On 2018-07-31 12:10, INADA Naoki wrote:
> After spent several days to read PEP 580 and your implementation, I think
> I can implement it. I think it's not easy, but it's not impossible too.
The signature of "extended_call_ptr" in PEP 576 is almost the same as
the signature of a CCALL_FUNCARG|CCALL_FASTCALL|CCALL_KEYWORDS function
in PEP 580 (the only difference is a "self" argument which can be
ignored if you don't need it).
So, if you can implement it using PEP 576, it's not a big step to
implement it using PEP 580.
On 2018-07-31 11:12, INADA Naoki wrote:
> For me, this is the most important benefit of PEP 580. I can't split
> it from PEP 580.
I want PEP 580 to stand by itself. And you say that it is already
complicated enough, so we should not mix native C calling into it.
PEP 580 is written to allow future extensions like that, but it should
be reviewed without those future extensions.
On 2018-07-31 09:36, INADA Naoki wrote:
> I want to see PoC of direct C calling.
To be honest, there is no implementation plan for this yet. I know that
several people want this feature, so it makes sense to think about it.

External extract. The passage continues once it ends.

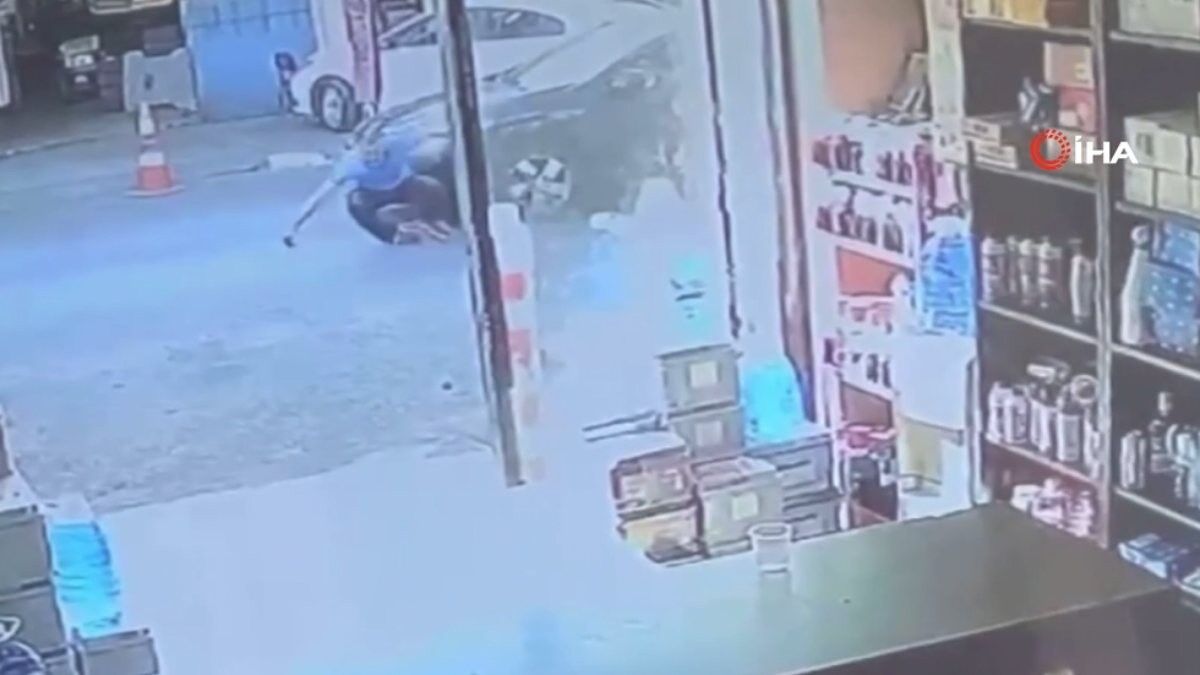 İstanbul Seyrantepe Oto Sanayi Sitesi'ndeki oto yedek parçacıya gelen şahıs, iş yerindeki köpekten korkarak bir anda dışarıya doğru kaçtı.

For me personally, the main open problem is how to deal with arguments
which may be passed both as Python object or as native C type. For
example, when doing a function call like f(1,2,3), it may happen that
the first argument is really a Python object (so it should be passed as
Python int) but that the other two arguments are C integers.
> And I think PoC can be implemented without waiting PEP 580.

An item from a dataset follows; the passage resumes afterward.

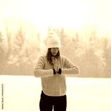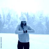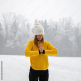 Spiritual young woman practicing mindfulness and gratitude in snowy winter nature
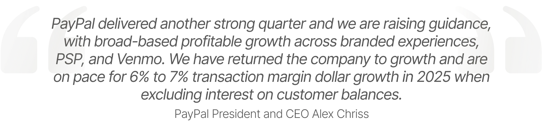 PayPal posted its earnings for the third quarter2 of 2025 on October 28 and they were generally solid. For the quarter, revenue amounted to $8.4 billion, up 7% year on year and ahead of the consensus estimate of $8.2 billion3. Meanwhile, adjusted earnings per share (EPS) was $1.34, up 12%, and above analysts’ forecast of $1.21. Total payment volume (TPV) for the period was $458.1 billion, up 8% year on year.

For one particular class (say CyFunction), yes. But this feature would
be particularly useful for calling between different kinds of C code,
for example between Numba and CPython built-ins, or between Pythran and
That is why I think it should be implemented as an extension of PEP 580.

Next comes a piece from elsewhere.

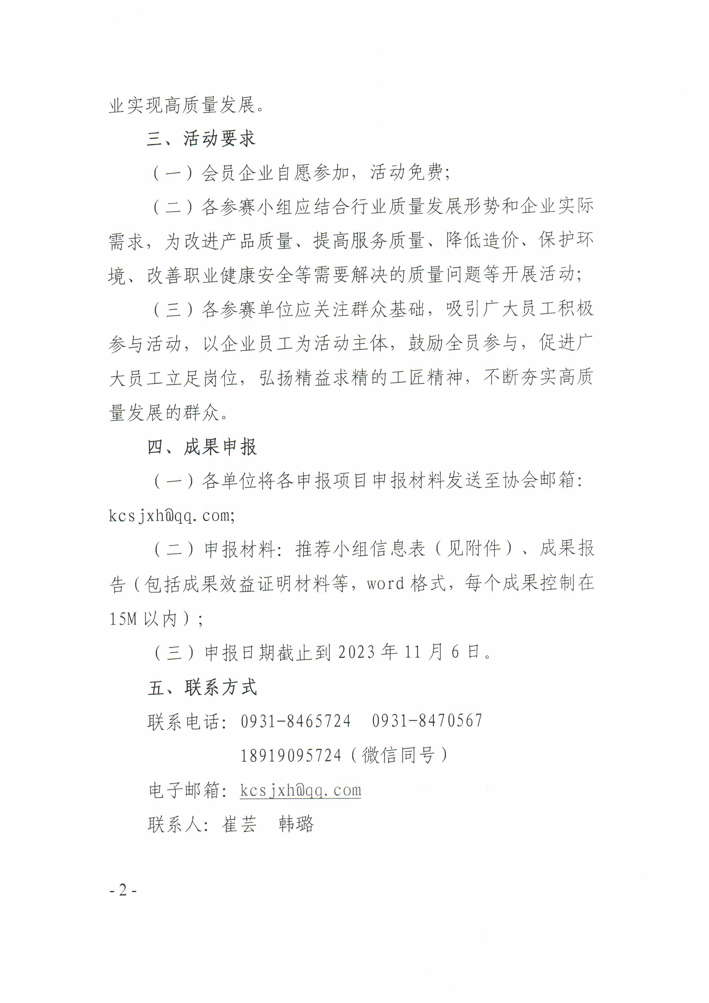 关于推荐2023年工程勘察设计质量管理小组活动成果的通知

Anyway, this is a different subject that we should not mix in the
discussion about PEP 580 (that is also why I am replying to this
specific point separately).
First of all, I'm sorry to I forgot change my mail title.
(I though about reserving one more slot for Cython for
further Cython-to-Cython call optimization, but I rejected
my idea because I'm not sure it really help Cython.)
On Mon, Jul 30, 2018 at 11:55 PM Jeroen Demeyer <J.Demeyer(a)ugent.be> wrote:
> On 2018-07-30 15:35, INADA Naoki wrote:
> > As repeatedly said, PEP 580 is very complicated protocol
> > when just implementing callable object.
> Can you be more concrete what you find complicated? Maybe I can improve
> the PEP to explain it more. Also, I'm open to suggestions to make it
> less complicated.
When thinking from extension writer's point of view, almost all of PEP 580 is
complicated comparing PEP 576. Remember they don't need custom method/function
type. So PEP 576/580 are needed only when implementing callable object,
like itemgetter or lru_cache in stdlib.
* We continue to use PyMethodDef and METH_* when writing
tp_methods. They should learn PyCCallDef and CCALL_* flags in addition
to PyMethodDef and METH_*.
* In PEP 576, just put function pointer to type slot. On the other hand, when
implementing callable object with PEP 580, (1) Put PyCCallDef somewhere,
(2) Put CCallRoot in instance, (3) put offset of (2) to tp_ccall.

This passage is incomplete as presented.